連年生育,皇後的身體虧損厲害,能熬這麼多年已是不易,在臨終前,她最後一次見了皇上,把自己這些年的疑惑都問了出來,她才知道,在皇上眼中,她竟是做了那麼多錯事的。
隻是,慧貴妃與嫻貴妃的手鐲她認,可那硃砂害玫嬪儀嬪,陷害嫻貴妃,嫻貴妃在冷宮被砒霜毒害她卻是不認的。
“臣妾臨終而言,做過的自然認,沒做過的誰也別想按在臣妾頭上。”富察琅嬅看著皇上的模樣,眼中再無眷戀,“臣妾隻盼永璉璟瑟能順遂安康,到底是臣妾之疏忽,使永璉患了哮症,再不能累著,璟瑟更是遠嫁,皇上,願皇上福壽延綿……”
她雖看清了皇上的涼薄,但她卻不能破罐子破摔,她的永璉,璟瑟都還需要皇父的庇護。
皇帝看著富察琅嬅,過往記憶湧上腦海,“皇後賢明,母儀天下,當為典範。”
“有皇上此言,臣妾也能安心去了……”富察琅嬅笑著閉上了眼睛。
皇後喪期,心思各異,對於誰會上位皇後而努力著。
倒是皇上,一副深情追思模樣,高曦月看了都忍不住翻白眼。
人活著不見他關懷,人死了他倒情深起來了。
海蘭拉著高曦月,叫她不要表現的太明顯,如今看著的人可太多了。
“那純妃莫不是個傻子,她以為自己能上位還是怎麼著,就她那出身,生再多孩子,也沒機會啊,天天上蹦下跳的。”高曦月多少有些無語。
“純妃沒機會,那嫻貴妃呢?”海蘭不由問道,她可協理六宮多年了。
“她?”高曦月想到她,皺眉,“不行!不能叫她壓在我頭上!”
嫻貴妃自從在冷宮救了太後之後,她的對外形象好似好了一些,當年她的不孝,還有諂媚太後求太後為她改名這些事,好似都過去了。
但做過就是做過,如今再翻出來也不是什麼難事。
一個名聲有瑕,且無所出的嬪妃,做寵妃可以,但母儀天下?差點意思。
況且,虎視眈眈者眾多,那炩嬪如今有孕,難保不想更進一步,而嫻貴妃對她的不喜那麼明顯,她不介意多添一把火,叫皇上想起嫻貴妃對他的管束。

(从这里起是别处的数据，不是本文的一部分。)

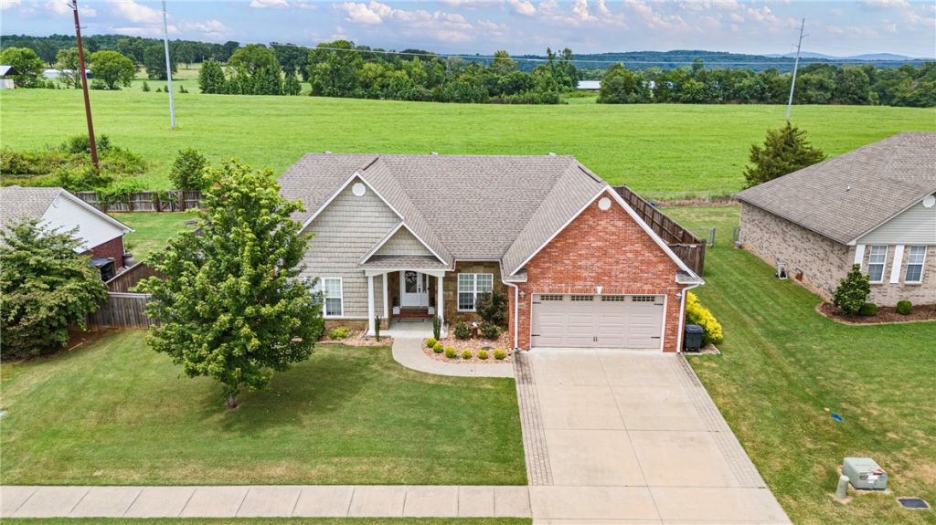 Welcome Home to Elegance and custom design over 2000 sq. Ft. Of heated and cooled space on a beautiful manicured lot in the city limits of Clarksville sets this-3 bedroom 2-full bath home. Largest suite has walk-in shower, separate tub and double sinks, and a walk-in closet. Tall ceilings, open floor plan, floor to ceiling windows and a corner gas log fireplace awaits you. Enjoy a MasterChef kitchen with granite countertops eat in kitchen also has a lovely island bar, All stainless steel appliances. There's a private sitting porch that is screened in overlooking your raised garden beds and secluded pasture land offering more privacy in your backyard. There is a 14 x 20 carport and a 12 x 20 out building with Electric H/A unit. Enjoy instant hot water with your recirculating system. There is also a pergola covered patio. The home is well insulated and has very low average utility bills. Large 2 car garage with extra storage. This beautiful home offers something for everyone in a great convent Location. Call today!

不就用了鹿血酒,嫻貴妃都能不顧及皇上顏麵揭開說,那她若上位皇後,豈不管的更多。
炩嬪可是極會拿捏皇上的心理,這不就叫皇上猶豫了,一猶豫,又有嫻貴妃諂媚太後改名之說,一而再再而三,皇帝想立後那股心思可不就散了許多。
如今隻能說後位空懸。
“大阿哥因為守孝期間剃髮被皇上給訓斥了,說他不敬孝賢皇後,還有三阿哥,因為和大阿哥在一處,未能及時提醒大阿哥,也被訓斥了,他們回去後便病倒了,皇上卻不聞不問……”高曦月有些愣怔地與海蘭說著。
“海蘭,永琪呢?他……”高曦月有些擔心地問。
“放心,永琪知道什麼不該做,如今一心在做實事上,沒有半分逾越。”海蘭寬慰她道。
不過,雖然如今皇上沒覺得永琪有野心,但一日日,皇上老去,看到自己的兒子依然健壯,心總會偏的。
想到皇上愛下江南,她真的要動了。
大阿哥三阿哥廢了,二阿哥又因哮症沒有機會,四阿哥之母乃玉氏貢女,更別說機會了,如果皇上出事,永琪是那個機會更大的。
不過,這樣不保險,還是要請皇上秘密立儲纔好。
如今皇上能選擇的聰慧合適的皇子不就永琪嗎,還得推一把纔好。
畢竟皇上如今已到知天命的年紀了,立儲也該提上日程了。
二阿哥背後的富察家,高家等,該用就用,既然站隊了永琪,總要表現一下吧。
又不是讓他們擁立誰,不過是上摺子請皇上秘密立儲而已。
先帝時定下的秘密立儲之規矩,如今皇上也該準備起來了,畢竟先帝五十多歲就去了,當今已五十了,不提前準備著,萬一有個……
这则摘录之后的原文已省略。